In this analysis, we demonstrate statistical significance and improved predictive accuracy of incorporating age, grade, and receptor-based subtypes conditional on anatomic stage to improve prediction of breast cancer-specific survival (BCSS) using a Fine–Gray Model. In doing so, we have shown through a different statistical methodology and with a longer follow-up that more individualized prediction of BCSS is possible by considering clinical and biologic factors in addition to anatomic stage in a dataset with long followup that has been validated in an external dataset with demonstration of good calibration in both datasets. Calibration of the BCSS prediction model is evaluated by visual inspection of the 5-year and 10-year calibration plots, plotting the average predicted BCSS against the observed BCSS for each of 5 risk groups at 5 years and 10 years.
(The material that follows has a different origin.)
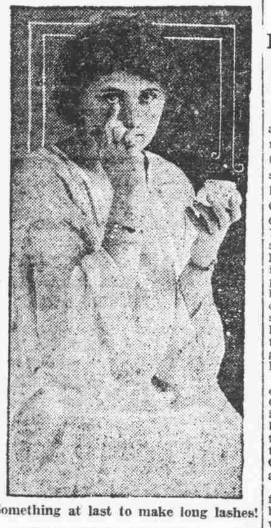
Something at last to make long lashes!

Vaseline has been frequently recommended, but as this is a mineral product it contains nothing that will actually nourish the roots of the hairs. Olive oil or castor oil, being vegetable products, have nourishing properties, therefore either of them can be considered a tonic. Castor oil also possesses the virtue of making the lashes a very little bit darker.

The 5-year and 10-year BCSS of patients with particular values for the clinical and biological variables can be found using an online tool at the following link:

We chose the Fine–Gray model to develop a BCSS prediction model over other potential and different statistical methods used in the existing online breast cancer survival prediction tools35,36,37,38. PREDICT, an online breast cancer prognostic and treatment benefit model, used a Cox proportional hazards model, which is frequently used in risk prediction models for breast cancer, to predict BCSS. When an individual in the risk set is exposed to more than one cause of failure (e.g., non-breast cancer death, which cannot be neglected for early stage breast cancers), resulting in competing risks, the Kaplan–Meier method of estimating CIF and the Cox regression model of estimating survival lead to biases42. The Fine–Gray model is a widely used method to build prediction models when competing risks exist (as is the case for early stage breast cancer). The Fine–Gray model allows estimation of the effect of the covariates on the CIF, but it has a limitation in its difficulty in interpreting the model coefficients, as compared to the Cox proportional hazards model42,43,44. That is, the model covariates can be interpreted as having an effect on the CIF, but they do not directly link to an underlying event rate in the real world45,46. This limitation, however, does not pose an issue in our analysis as the CIF is of equal clinical relevance in our study.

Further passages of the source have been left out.